## Exercise details:
Each line of data below is to be returned exactly, leaving out any picture.

## Recorded data:
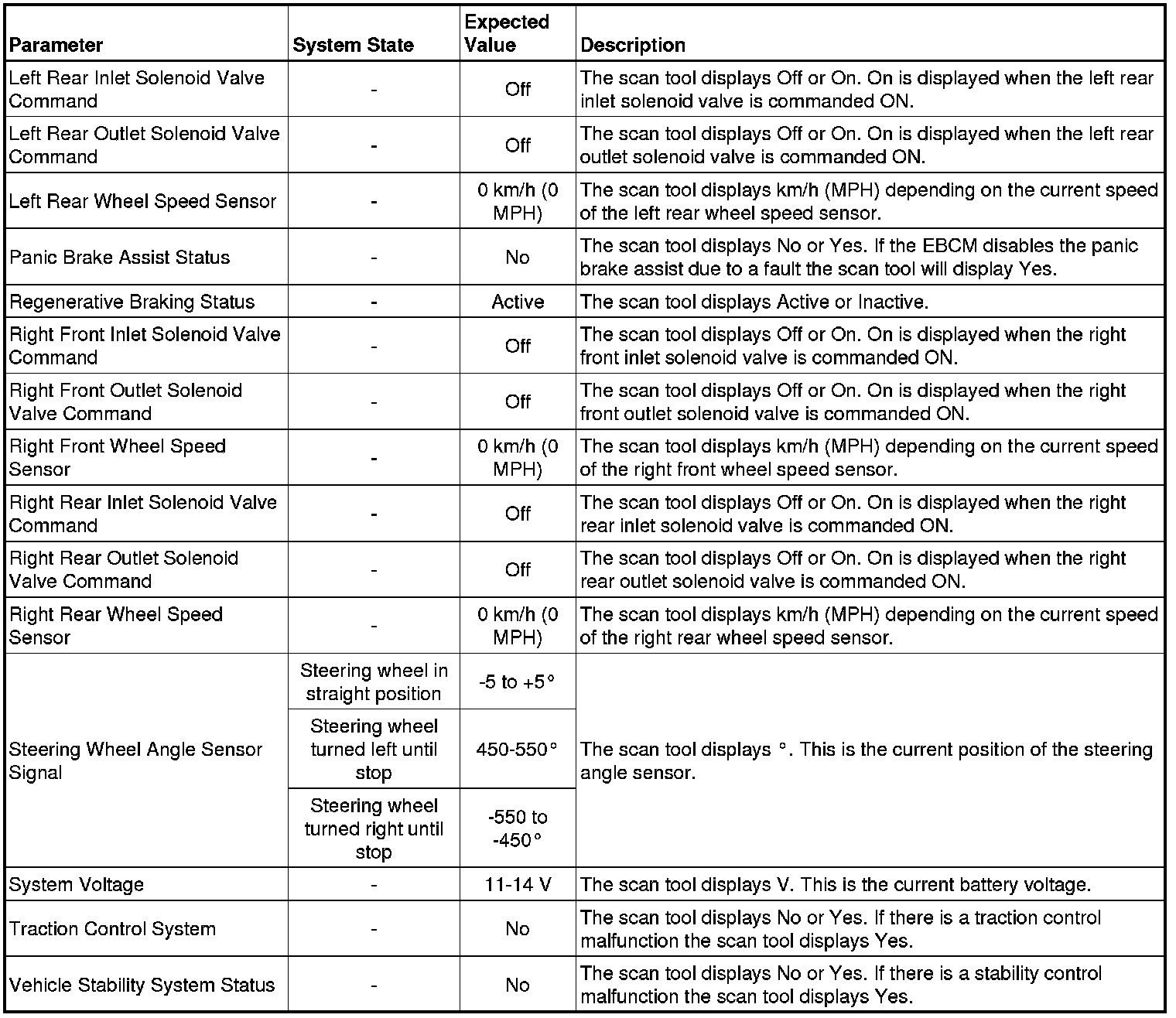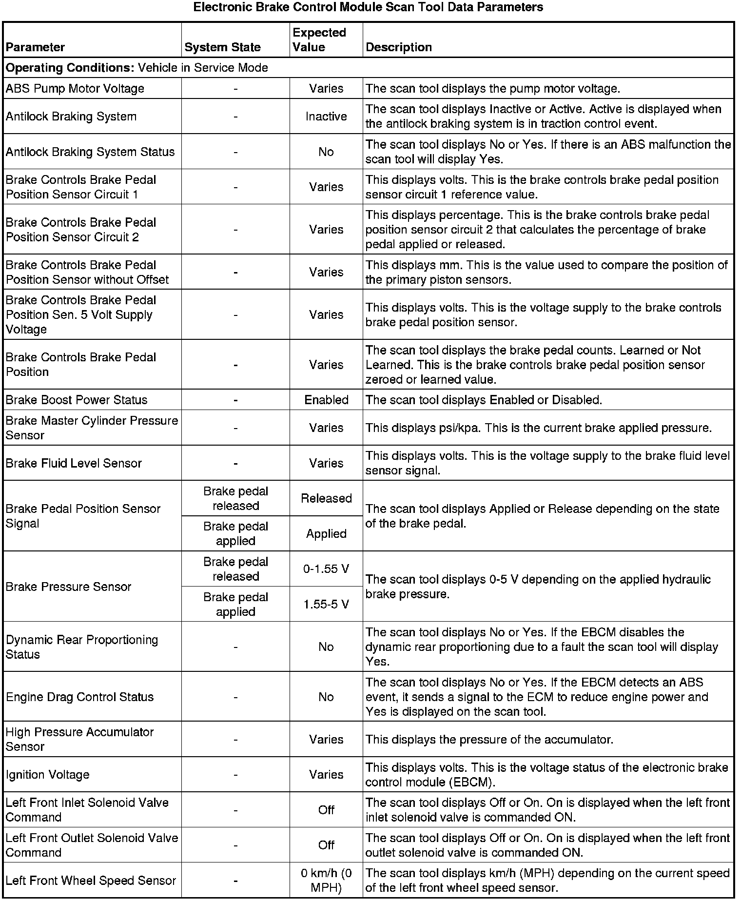 The electronic brake control module (EBCM) scan tool data parameters list contains all ABS related parameters that are available on the scan tool. The list is arranged in alphabetical order. A given parameter may appear in any one of the data lists.
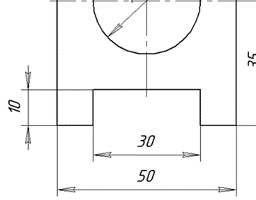 | 7. Построить вырез внизу прямоугольника, относительно осевой, симметрично. 8.Нанести размеры элементов и габаритные, т. е. наибольшие по длине и высоте, размеры детали, указывают ее толщину (размеры наносим сплошной тонкой линией), обратить внимание на нанесение стрелок на размерных линиях. 9. Обвести контуры детали сплошной толстой основной. | рис.2 чертежные инструменты (циркуль, угольник), простые карандаши, ластик рис.3 |
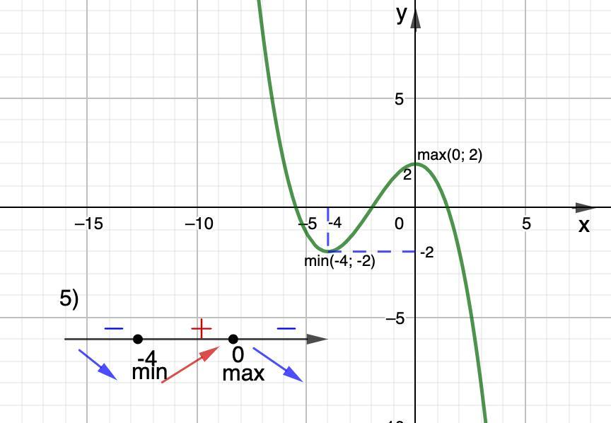 Функция возрастает при х∈[-4; 0]; убывает при х∈(-∞; -4]∪[0; +∞).
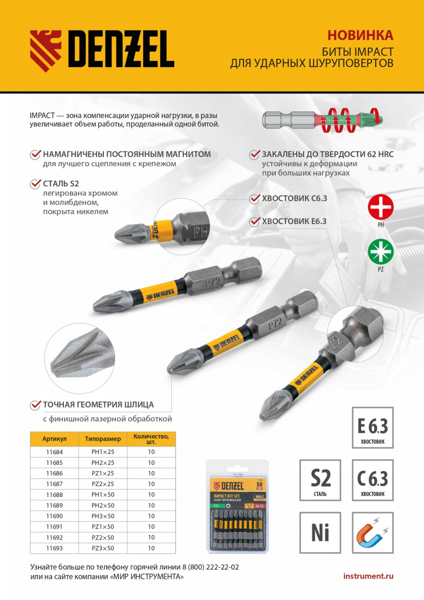 Бита IMPACT, PZ1x25 мм, лазерная обработка шлица, сталь S2, 10 шт., Е 6,3 Denzel
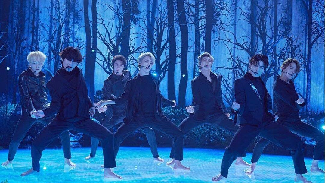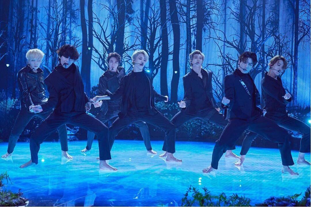 Descalzos y sobre un piso iluminado, los miembros del grupo V, Jin, Jimin, Jungkook, RM, Suga y J-Hope entraron a escena para cantar el nuevo tema con una producción impresionante que representaba un bosque con una cascada.
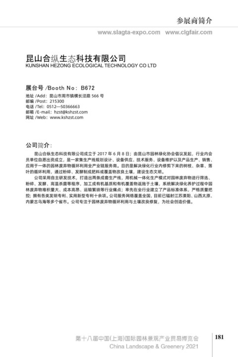 《绿色东方》作为上海市园林绿化行业协会会刊。是一份面向企业、面向市场的行业性杂志。其旨 昆山合纵生态科技有限公司成立于 2017 年 6 月 8 日;由昆山市园林绿化协会倡议发起,行业内会
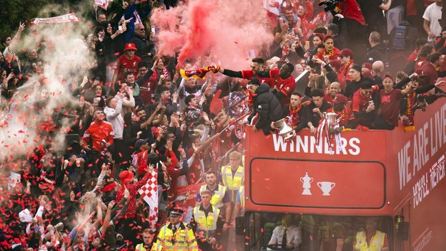 Tak sampai 24 jam usai kekalahan tersebut, The Reds menggelar parade dengan bus terbuka di jalanan Liverpool. Virgil van Dijk dkk. mengarak dua trofi yang dimenangi Liverpool musim ini: Piala FA dan Carabao Cup.
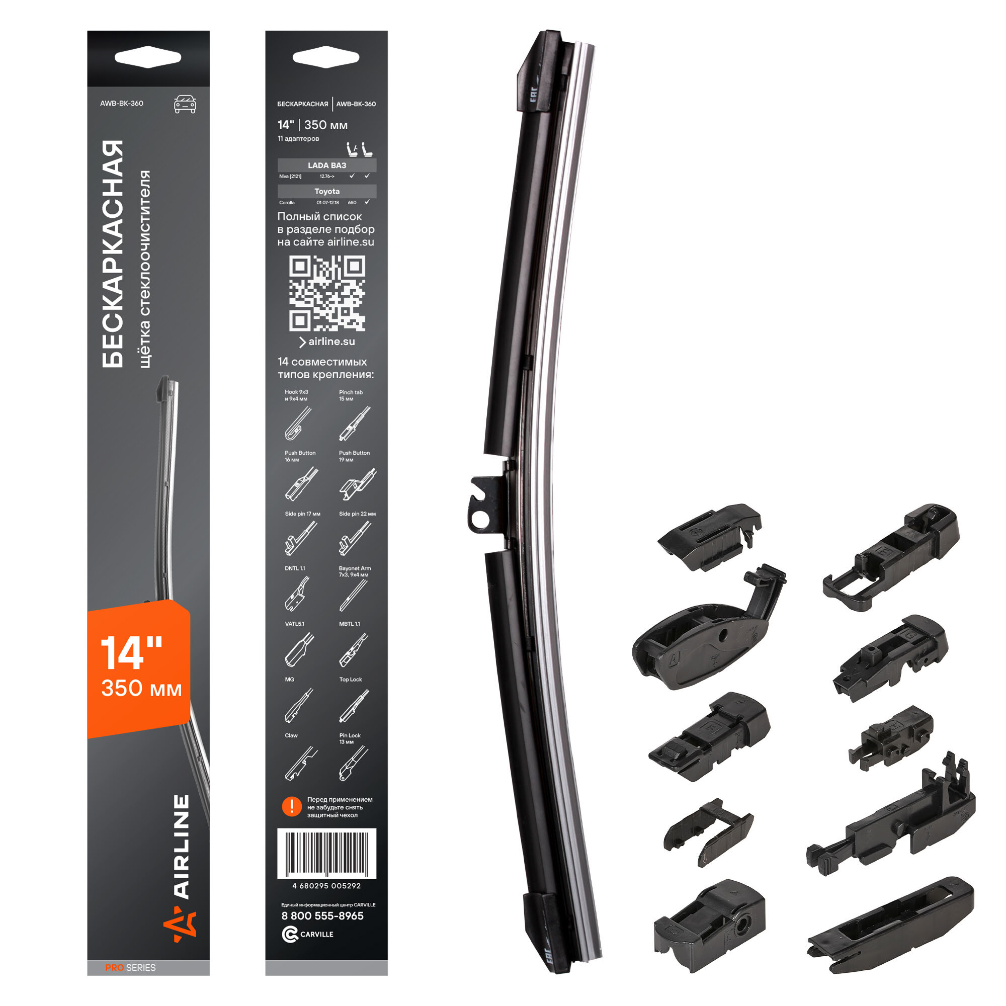 Щетка стеклоочистителя бескаркасная PRO 360мм (14") 10 адаптеров AWB-BK-360 AIRLINE

## Solution below:
 The electronic brake control module (EBCM) scan tool data parameters list contains all ABS related parameters that are available on the scan tool. The list is arranged in alphabetical order. A given parameter may appear in any one of the data lists.
 | 7. Построить вырез внизу прямоугольника, относительно осевой, симметрично. 8.Нанести размеры элементов и габаритные, т. е. наибольшие по длине и высоте, размеры детали, указывают ее толщину (размеры наносим сплошной тонкой линией), обратить внимание на нанесение стрелок на размерных линиях. 9. Обвести контуры детали сплошной толстой основной. | рис.2 чертежные инструменты (циркуль, угольник), простые карандаши, ластик рис.3 |
 Функция возрастает при х∈[-4; 0]; убывает при х∈(-∞; -4]∪[0; +∞).
 Бита IMPACT, PZ1x25 мм, лазерная обработка шлица, сталь S2, 10 шт., Е 6,3 Denzel
 Descalzos y sobre un piso iluminado, los miembros del grupo V, Jin, Jimin, Jungkook, RM, Suga y J-Hope entraron a escena para cantar el nuevo tema con una producción impresionante que representaba un bosque con una cascada.
 《绿色东方》作为上海市园林绿化行业协会会刊。是一份面向企业、面向市场的行业性杂志。其旨 昆山合纵生态科技有限公司成立于 2017 年 6 月 8 日;由昆山市园林绿化协会倡议发起,行业内会
 Tak sampai 24 jam usai kekalahan tersebut, The Reds menggelar parade dengan bus terbuka di jalanan Liverpool. Virgil van Dijk dkk. mengarak dua trofi yang dimenangi Liverpool musim ini: Piala FA dan Carabao Cup.
 Щетка стеклоочистителя бескаркасная PRO 360мм (14") 10 адаптеров AWB-BK-360 AIRLINE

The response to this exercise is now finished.